Soon after the breeders are started, they will become so thoroughly infected with residual radioactivity that it will be extremely difficult to take them apart and remodel or repair them. Very little maintenance work will be possible. And no one know for sure how long even a successful reactor is likely to last.

"Bugs" are liable to be found in the first breeders - as they have been in other inventions - and the designers may have to eliminate many of them before breeder-power plants can compete with ordinary steam plants and hydroelectric dams. Troubles resulting from corrosion and violent differences and changes in temperature have be-come so acute since the war in some of the plants built during the war that the AEC has had to do a lot of work to keep them running.

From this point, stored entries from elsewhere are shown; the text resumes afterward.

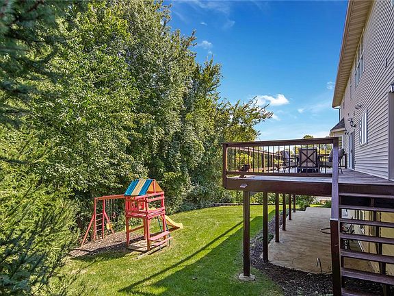 You wont want to miss this stunning 2 story on a private lot. 2 story entry opens to a den/study with bay window, wood floors and double doors. Generous sized dining room with wood floors and updated chandelier. The great room has bay windows, blinds, stone fireplace with gas logs and wood floors. The kitchen is the heart of the home with a large center island, granite countertops, stainless appliances, custom cabinets, gas cooktop and adjoining breakfast room with access to the deck. Luxury master suite with coffered ceiling and beautiful bath with jacuzzi tub, walk-in shower, and walk-in closet with custom shelving. The upper level boast a 2nd laundry room, loft, 3 bedrooms, Jack & Jill and private bath. Finished walkout lower level with rec room, full bath and 5th bedrooms or exercise room. Charming neutral decor throughout & 9 ft ceilings on main, upper, and lower levels. 3 car side entry garage, deck, patio and more!
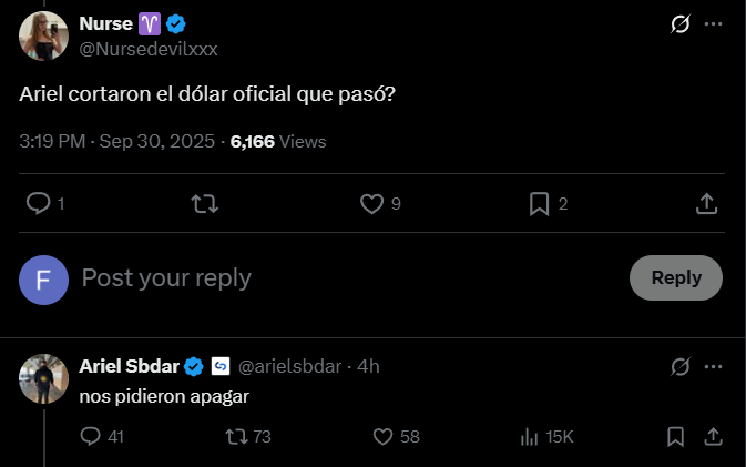 La controversia se multiplicó cuando Aries Sbdar, dueño de una ALyC popular, Cocos Capital, al ser consultado por un usuario que no podía acceder a la operatoria habitual en X le respondió: “Nos pidieron apagar”, lo que disparó dudas y especulaciones.
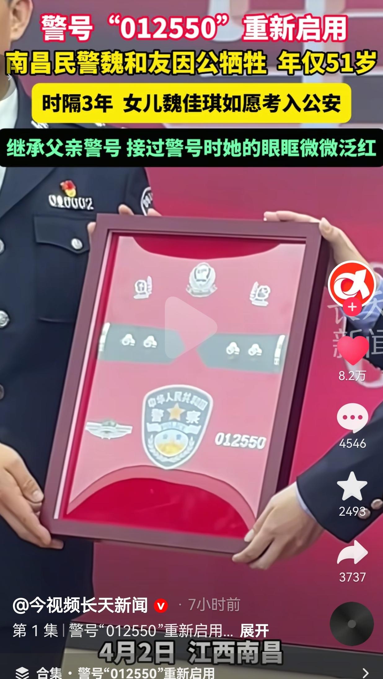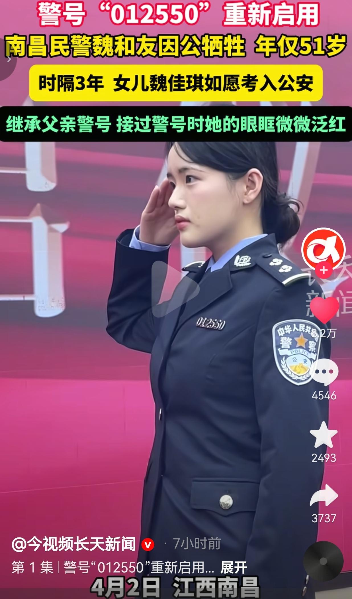 看哭了!这才是刻在中国人骨子里的传承!警号重启的那一刻,是父亲的生命在女儿身上延续,是使命的接力,更是信仰的永生! 江西南昌民警魏和友,一辈子扎根基层,把群众当亲人,把岗位当战场。 51岁那年,他倒在了自己热爱的岗位上,因公牺牲。 他的警号 012550 被永久封存,成了无数人心里一道难以愈合的疤。 谁也没想到,时隔3年,这个警号,再次亮了起来! 魏和友的女儿魏佳琪,凭着一股韧劲,如愿考入公安系统,成为一名人民警察。 在警号重启仪式上,当她接过父亲的警号,亲手别在自己胸前时,这个年轻姑娘眼眶泛红,庄重地敬了一个礼。 她对着镜头说:“对我来说,它不仅是数字的重新启用,更是使命的传承。” 她还一字一句念出父亲生前常说的话:“你与群众有多近,群众与你有多亲。” 这一幕,直接让全网破防! 当年跟在爸爸身后的小女孩,如今穿上警服,接过父亲的警号,继承遗志,继续守护万家灯火。 英雄从未走远,只是换了一种方式,继续守护这座城。 消息一出,评论区直接哭成一片,有的网友说:我哭死!魏警官是我们这儿的好警察,没想到女儿继承了他的警号,这才是真正的传承! 也有的网友说:这就是我考警校的意义!警号重启,是英雄从未离开,是使命代代相传! 还有的网友说:看一次哭一次!爸爸用生命守护平安,女儿用一生接力,这才是中国警察! 也有的网友说:警号可以封存,但精神永不熄灭!向英雄致敬,向传承致敬! 我们总说,哪有什么岁月静好,不过是有人替我们负重前行。 更让人泪目的是,当有人倒下,他的孩子会毫不犹豫接过担子,继续守护这片土地。 警号012550,从来不是一串冰冷数字。它是魏和友一生的坚守,是魏佳琪一生的信仰,是两代人的忠诚,是中国警察最动人的誓言。 有人说,警号重启,就是英雄的第二次生命。 没错,魏和友没有离开,他活在女儿的警服里,活在每一次出警里,活在每一次出警里,活在万家灯火的平安里。 这就是中国警察的传承,这就是中国人的脊梁! 警号可以重启,英雄永不落幕;使命代代相传,信仰生生不息!
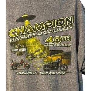Harley Davidson Mens 3XL Champion Roswell N.M T Shirt Alien Spaceship UFO 40th
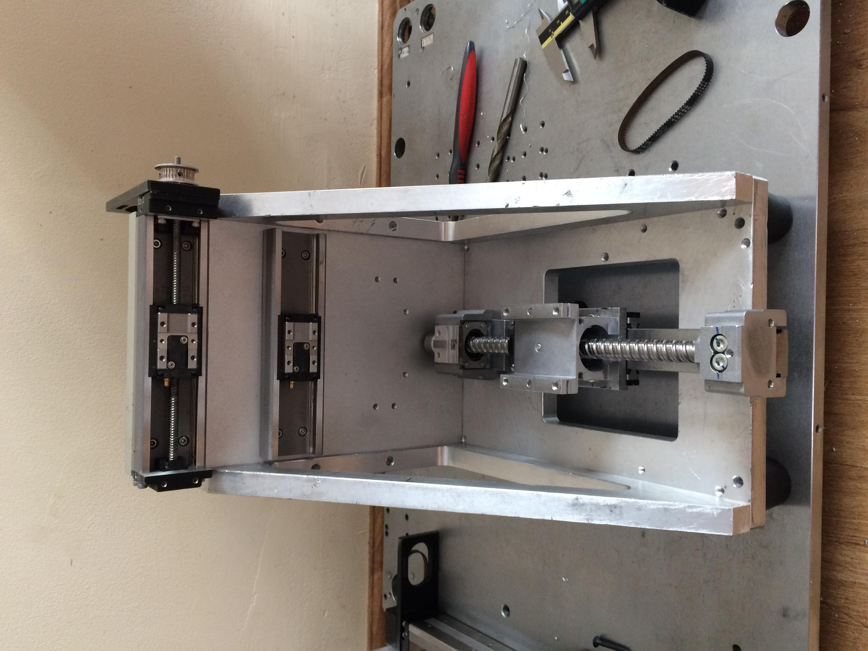 - Do các vitme trong các combo có được đều là bước 6 và 12, mà em thì lại không sưu tầm được cái driver nào có vi bước chia hết cho hai con số này. Đành phải truyền động dây đai với các puli có tỉ lệ phù hợp cho việc điều chỉnh bước tiến của các trục.
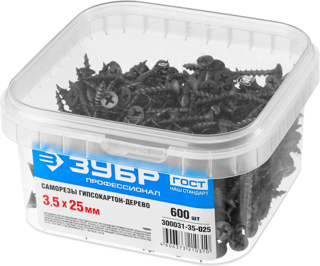 Саморезы СГД гипсокартон-дерево, 25 х 3.5 мм, 600 шт, фосфатированные, ЗУБР Профессионал (300031-35-025, )
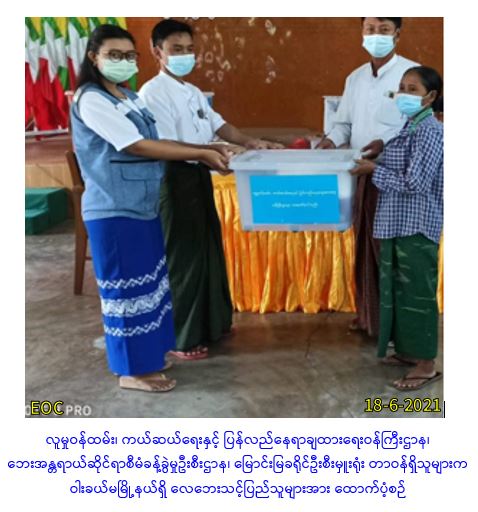လူမှုဝန်ထမ်း၊ ကယ်ဆယ်ရေးနှင့် ပြန်လည်နေရာချထားရေးဝန်ကြီးဌာန၊ ဘေးအန္တရာယ်ဆိုင်ရာ စီမံခန့်ခွဲမှုဦးစီးဌာန မြောင်းမြခရိုင်ဦးစီးမှူးရုံးမှ တာဝန်ရှိသူများသည် မြောင်းမြခရိုင်၊ ဝါးခယ်မမြို့နယ်အတွင်း မန်းကလဲ့ငုတောကျေးရွာအုပ်စု၊ မန်းကလဲ့ကျေးရွာတွင် (၁၆-၆-၂၀၂၁) ရက်နေ့၌ ဖြစ်ပွားခဲ့သော လေဘေးကြောင့် ပြိုကျပျက်စီးနေအိမ်(၁)လုံး၊ အိမ်ထောင်စု(၁)စုမှ လူဦးရေ(၂)ဦးတို့အတွက် အိမ်ဆောက်ပစ္စည်းတန်ဖိုးငွေ(၁၀၀,၀၀၀)ကျပ်၊ ဆန်ရိက္ခာတန်ဖိုးငွေ (၄,၂၀၀)ကျပ်၊ စုစုပေါင်းတန်ဖိုးငွေ(၁၀၄,၂၀၀)ကျပ်နှင့် ကယ်ဆယ်ရေးပစ္စည်း(၁၇)မျိုးပါ ပုံး (၁)ပုံးတို့အား (၁၈-၆-၂၀၂၁)ရက်နေ့ (၁၃:၀၀) နာရီအချိန်တွင် မြို့နယ်အထွေထွေအုပ်ချုပ်ရေးမှူးရုံး၌ ဘေးသင့်ပြည်သူများလက်ဝယ်အရောက် သွားရောက်ထောက်ပံ့ပေးအပ်ခဲ့ပါကြောင်း သတင်းရရှိပါသည်။ Source: မြောင်းမြခရိုင်ဦးစီးမှူးရုံး (ဘစမ) #ha_sgw #ayy_jun2021
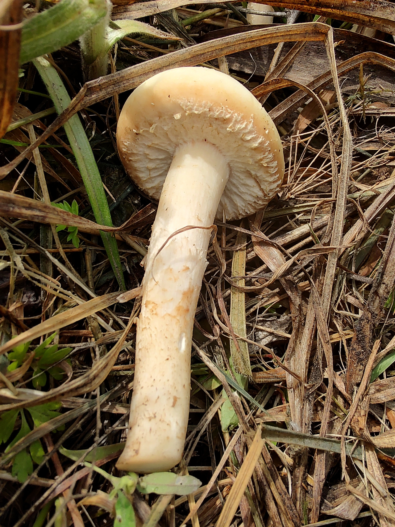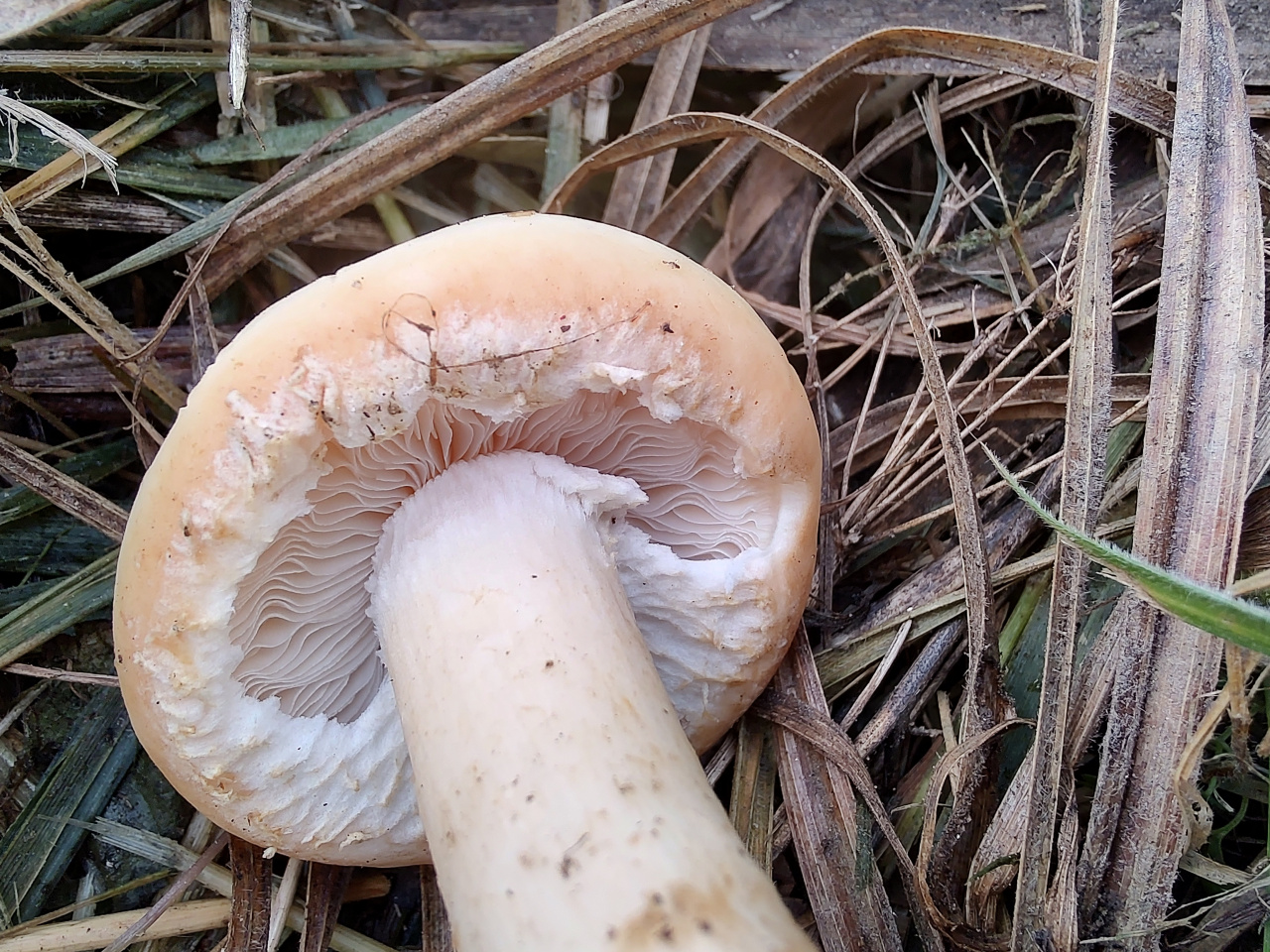Описание гриба: Гриб растёт возле лиственного леса, рядом ивы и озеро. Растёт по одиночке или по несколько штук. Под шляпкой остатки покрывала, в молодом возрасте полностью закрывает пластинки. 19.05.2025

The extra dividend of radioactive isotopes - valuable for scientific research - that will come out of the breeders along with nuclear fuel and power may prove troublesome, too. These unstable materials will have to be separated from the fresh nuclear fuel that is bred in the piles, by mechanisms and processes isolated from human beings by heavy shielding.

A 30-Year Project

So, even though breeders are now scheduled to be running within three years, the men who know most about the problem believe it will take from eight to ten years to find out whether it will be economically wise to build enormous breeders as the furnaces for electrical generating stations. Different procedures will be necessary to breed nuclear fuel from Thorium 232 than those needed to breed it [rom Uranium 238. And to breed enough fissionable material to make it truly plentiful will take many years.

The best guess now is that from 20 to 30 years will elapse before atomic power replaces other sources of power extensively. Military necessities and security restrictions may postpone even longer the day when people will be better served by atomic energy.

Operation Bootstrap, however, will reveal how skillfully the engineers now can handle hordes of neutrons. Until 17 years ago, no one even knew that neutrons existed. Already, they have been used in both slow and fast reactors. Pretty soon, you may hear more about what can be done with them.